Stored data:
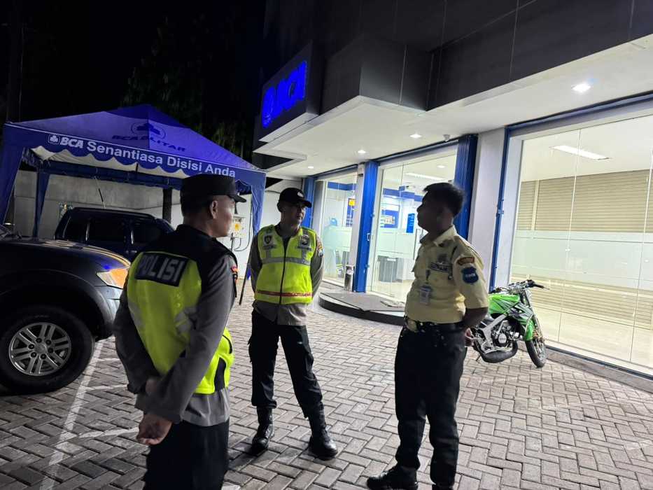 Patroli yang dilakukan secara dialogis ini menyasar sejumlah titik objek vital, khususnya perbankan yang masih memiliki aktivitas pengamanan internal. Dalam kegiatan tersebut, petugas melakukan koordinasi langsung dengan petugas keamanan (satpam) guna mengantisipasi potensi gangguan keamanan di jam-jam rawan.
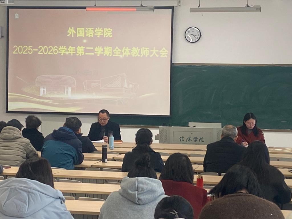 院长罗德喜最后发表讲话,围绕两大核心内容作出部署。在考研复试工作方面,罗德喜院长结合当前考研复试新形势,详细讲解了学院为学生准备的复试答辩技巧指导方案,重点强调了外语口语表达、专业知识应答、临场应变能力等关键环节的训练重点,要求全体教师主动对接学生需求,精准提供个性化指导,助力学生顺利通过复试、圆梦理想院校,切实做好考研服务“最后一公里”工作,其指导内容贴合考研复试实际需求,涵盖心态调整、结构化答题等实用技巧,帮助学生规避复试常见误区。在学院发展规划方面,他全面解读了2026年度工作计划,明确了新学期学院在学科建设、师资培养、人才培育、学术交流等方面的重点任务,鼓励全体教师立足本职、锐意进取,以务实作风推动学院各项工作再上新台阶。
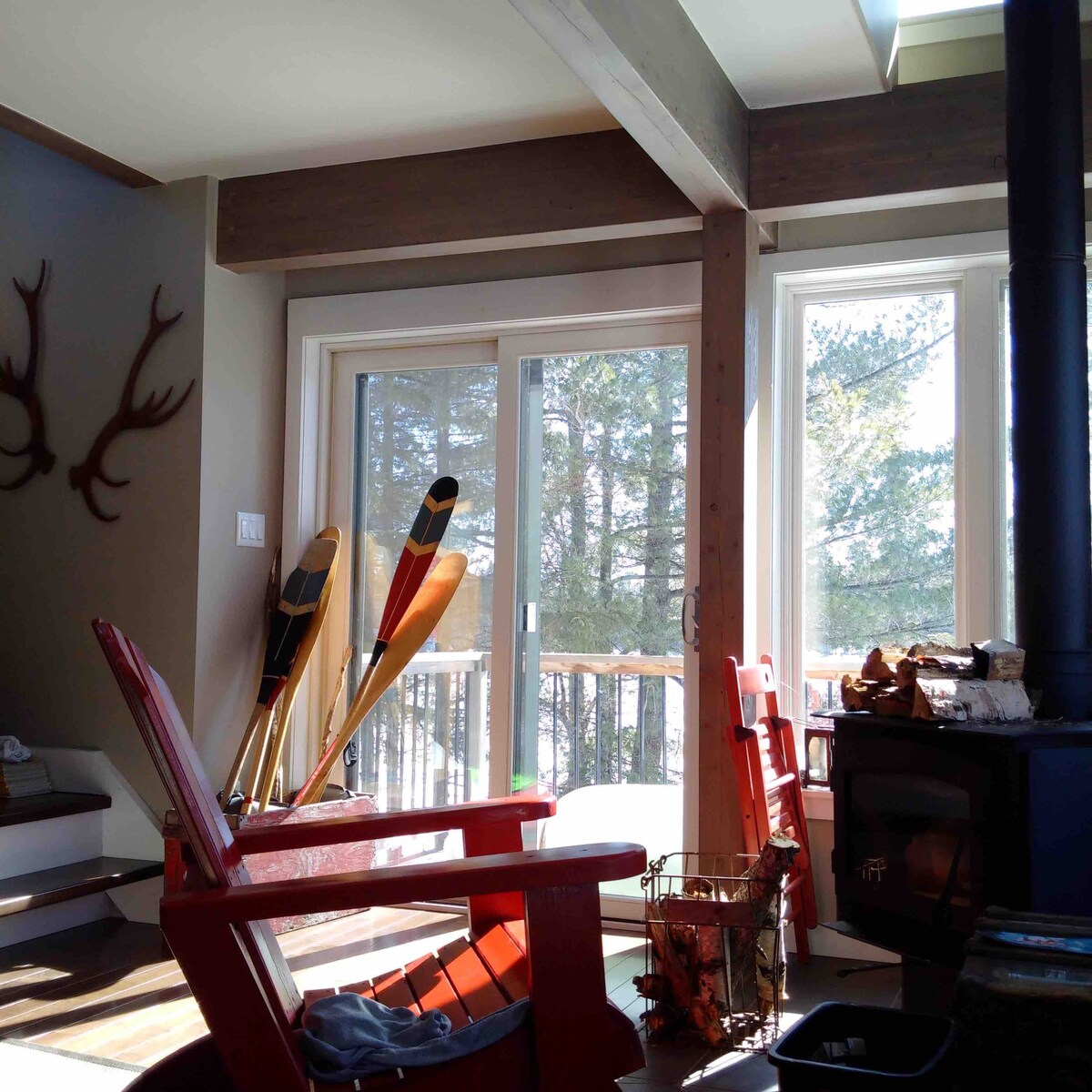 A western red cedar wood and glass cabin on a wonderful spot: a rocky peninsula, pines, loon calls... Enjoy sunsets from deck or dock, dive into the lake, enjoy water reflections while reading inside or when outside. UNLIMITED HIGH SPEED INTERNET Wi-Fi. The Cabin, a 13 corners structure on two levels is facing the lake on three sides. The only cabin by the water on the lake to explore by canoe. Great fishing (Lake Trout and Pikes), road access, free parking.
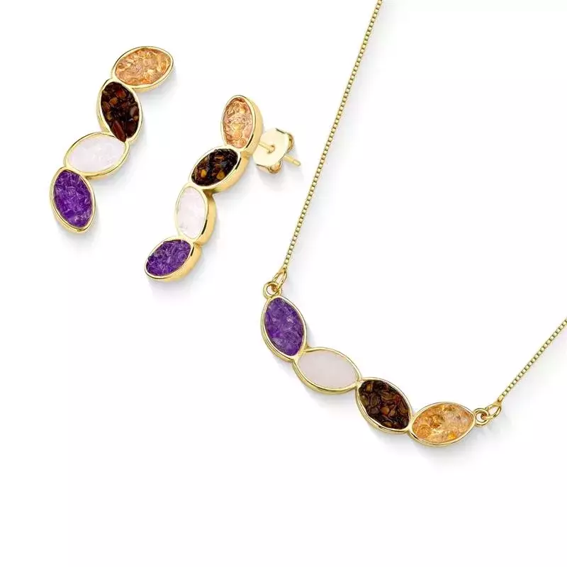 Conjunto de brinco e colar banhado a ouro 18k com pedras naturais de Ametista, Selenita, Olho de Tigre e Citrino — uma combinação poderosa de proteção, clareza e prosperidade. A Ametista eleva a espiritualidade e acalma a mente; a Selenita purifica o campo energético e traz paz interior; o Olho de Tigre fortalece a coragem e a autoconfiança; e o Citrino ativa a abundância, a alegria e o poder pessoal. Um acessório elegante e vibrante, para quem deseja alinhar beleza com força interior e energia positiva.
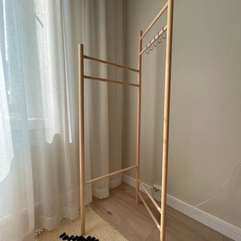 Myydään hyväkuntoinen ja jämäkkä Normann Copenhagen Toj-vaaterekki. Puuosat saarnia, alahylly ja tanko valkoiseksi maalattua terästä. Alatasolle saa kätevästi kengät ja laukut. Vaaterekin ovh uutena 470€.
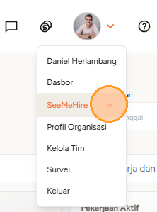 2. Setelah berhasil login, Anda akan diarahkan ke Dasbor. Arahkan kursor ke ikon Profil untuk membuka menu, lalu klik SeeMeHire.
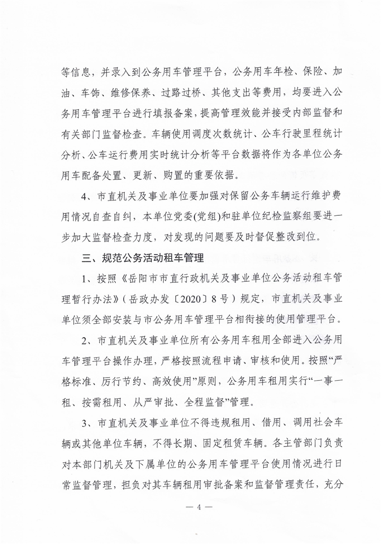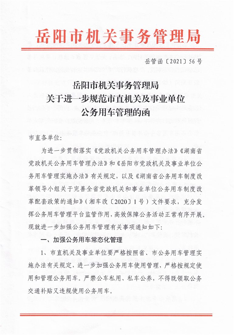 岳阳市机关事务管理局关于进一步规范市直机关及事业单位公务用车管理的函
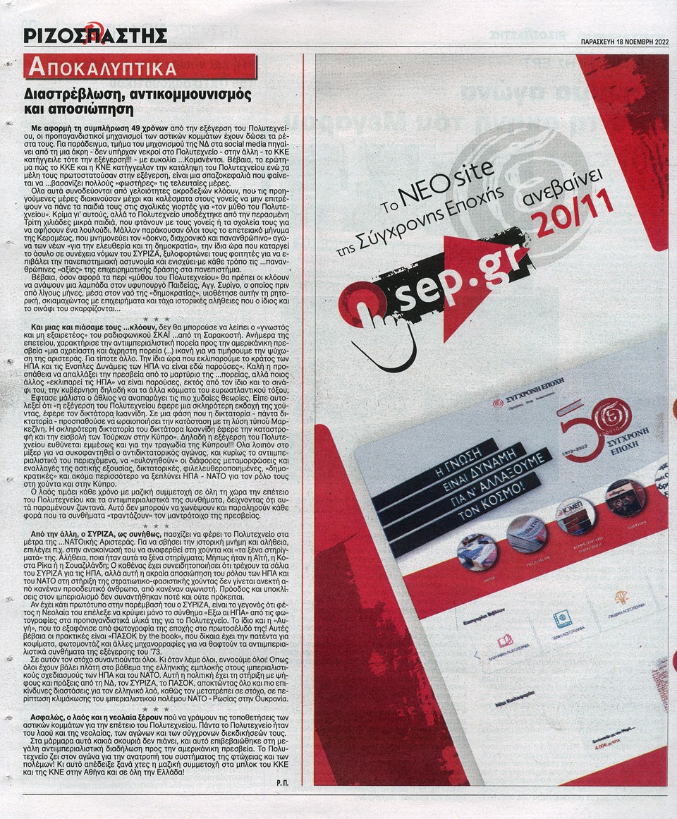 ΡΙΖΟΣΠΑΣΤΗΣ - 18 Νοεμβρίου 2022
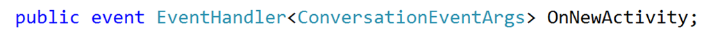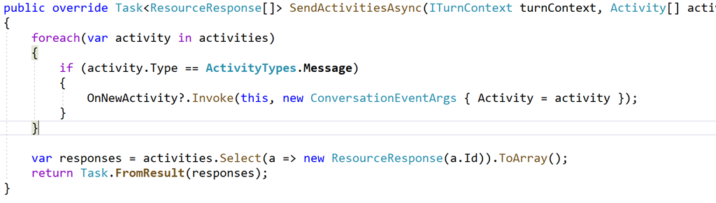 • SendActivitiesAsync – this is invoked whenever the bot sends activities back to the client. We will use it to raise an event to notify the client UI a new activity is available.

---

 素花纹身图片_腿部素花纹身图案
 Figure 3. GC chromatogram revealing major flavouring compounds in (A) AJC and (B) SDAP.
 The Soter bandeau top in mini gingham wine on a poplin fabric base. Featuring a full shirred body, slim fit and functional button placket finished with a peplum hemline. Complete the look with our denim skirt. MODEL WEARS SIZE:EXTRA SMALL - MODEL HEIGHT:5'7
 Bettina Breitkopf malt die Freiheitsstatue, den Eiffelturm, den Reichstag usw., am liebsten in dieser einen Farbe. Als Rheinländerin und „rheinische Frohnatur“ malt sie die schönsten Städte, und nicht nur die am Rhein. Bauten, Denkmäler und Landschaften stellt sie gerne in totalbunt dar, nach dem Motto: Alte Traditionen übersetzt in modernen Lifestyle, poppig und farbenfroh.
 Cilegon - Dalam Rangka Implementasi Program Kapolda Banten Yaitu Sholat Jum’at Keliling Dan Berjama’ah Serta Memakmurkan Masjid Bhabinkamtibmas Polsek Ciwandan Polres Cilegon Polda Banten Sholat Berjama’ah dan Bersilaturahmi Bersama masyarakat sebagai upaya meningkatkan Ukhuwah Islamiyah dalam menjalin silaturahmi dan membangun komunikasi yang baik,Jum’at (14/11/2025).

--

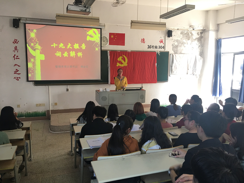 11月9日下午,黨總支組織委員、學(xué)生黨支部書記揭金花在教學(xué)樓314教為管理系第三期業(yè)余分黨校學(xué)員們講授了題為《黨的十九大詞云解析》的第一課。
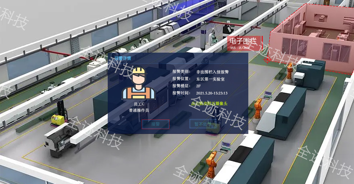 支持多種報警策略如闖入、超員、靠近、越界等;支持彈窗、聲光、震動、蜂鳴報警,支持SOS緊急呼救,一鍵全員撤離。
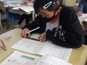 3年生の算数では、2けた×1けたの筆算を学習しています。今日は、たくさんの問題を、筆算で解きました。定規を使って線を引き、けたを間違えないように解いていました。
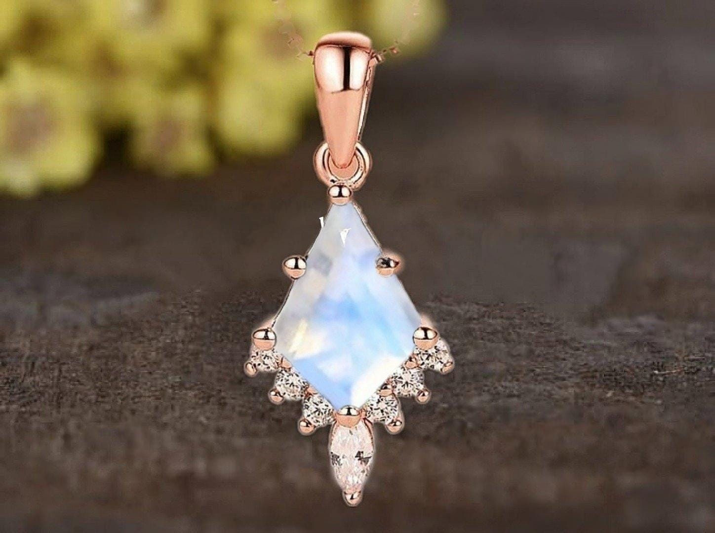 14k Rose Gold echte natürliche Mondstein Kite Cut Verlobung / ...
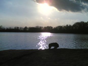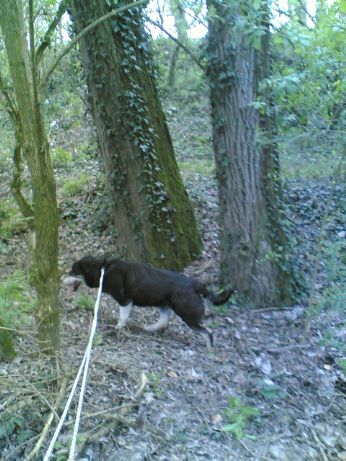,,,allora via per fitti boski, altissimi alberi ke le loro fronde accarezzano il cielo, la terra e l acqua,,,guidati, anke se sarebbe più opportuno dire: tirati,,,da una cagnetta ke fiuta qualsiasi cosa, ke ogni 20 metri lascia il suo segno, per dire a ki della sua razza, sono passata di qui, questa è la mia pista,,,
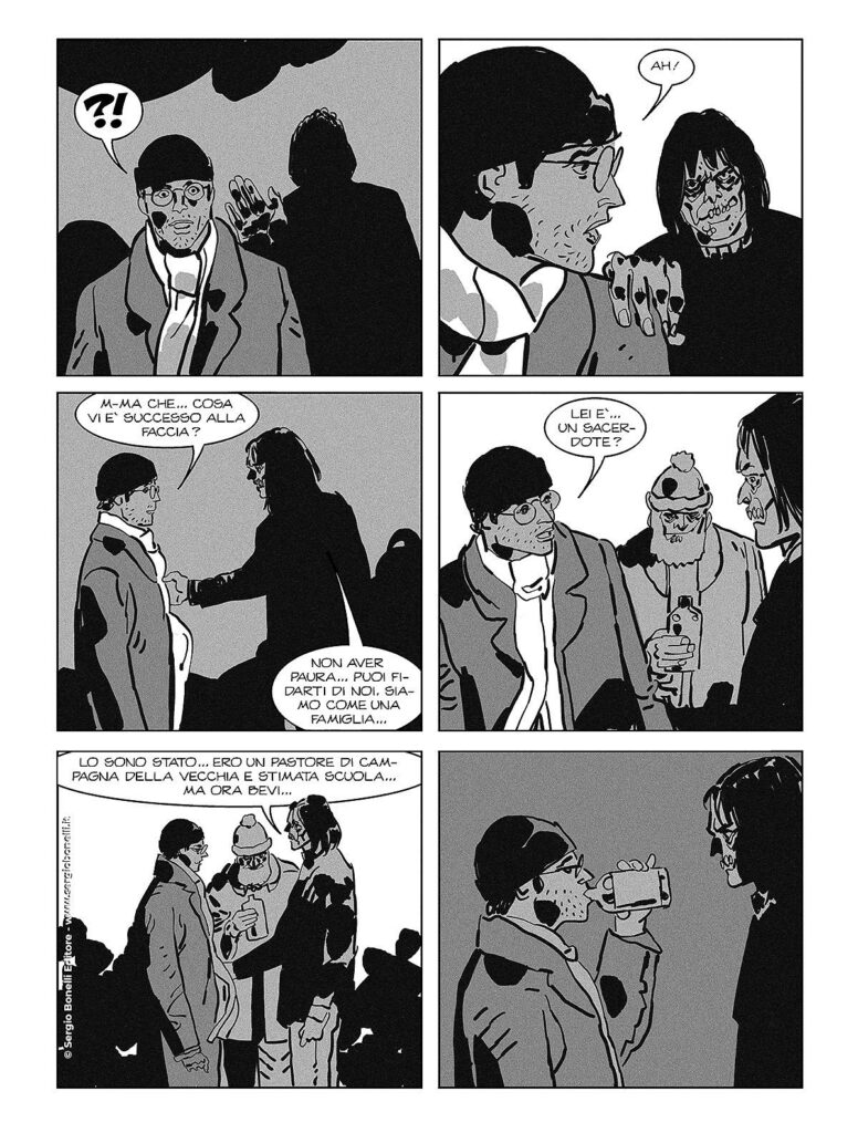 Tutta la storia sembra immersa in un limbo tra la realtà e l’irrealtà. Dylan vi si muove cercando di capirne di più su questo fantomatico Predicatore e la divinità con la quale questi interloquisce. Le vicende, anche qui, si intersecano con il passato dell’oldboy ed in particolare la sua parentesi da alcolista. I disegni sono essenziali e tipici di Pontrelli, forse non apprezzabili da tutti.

(WHAT IS EXPECTED):
Here the job is to copy the stretch of records from the line containing "支持多種報警策略如闖入、超員" through the line containing "Tutta la storia", word for word. Leave every picture out.

(RESPONSE AREA):
 支持多種報警策略如闖入、超員、靠近、越界等;支持彈窗、聲光、震動、蜂鳴報警,支持SOS緊急呼救,一鍵全員撤離。
 3年生の算数では、2けた×1けたの筆算を学習しています。今日は、たくさんの問題を、筆算で解きました。定規を使って線を引き、けたを間違えないように解いていました。
 14k Rose Gold echte natürliche Mondstein Kite Cut Verlobung / ...
,,,allora via per fitti boski, altissimi alberi ke le loro fronde accarezzano il cielo, la terra e l acqua,,,guidati, anke se sarebbe più opportuno dire: tirati,,,da una cagnetta ke fiuta qualsiasi cosa, ke ogni 20 metri lascia il suo segno, per dire a ki della sua razza, sono passata di qui, questa è la mia pista,,,
 Tutta la storia sembra immersa in un limbo tra la realtà e l’irrealtà. Dylan vi si muove cercando di capirne di più su questo fantomatico Predicatore e la divinità con la quale questi interloquisce. Le vicende, anche qui, si intersecano con il passato dell’oldboy ed in particolare la sua parentesi da alcolista. I disegni sono essenziali e tipici di Pontrelli, forse non apprezzabili da tutti.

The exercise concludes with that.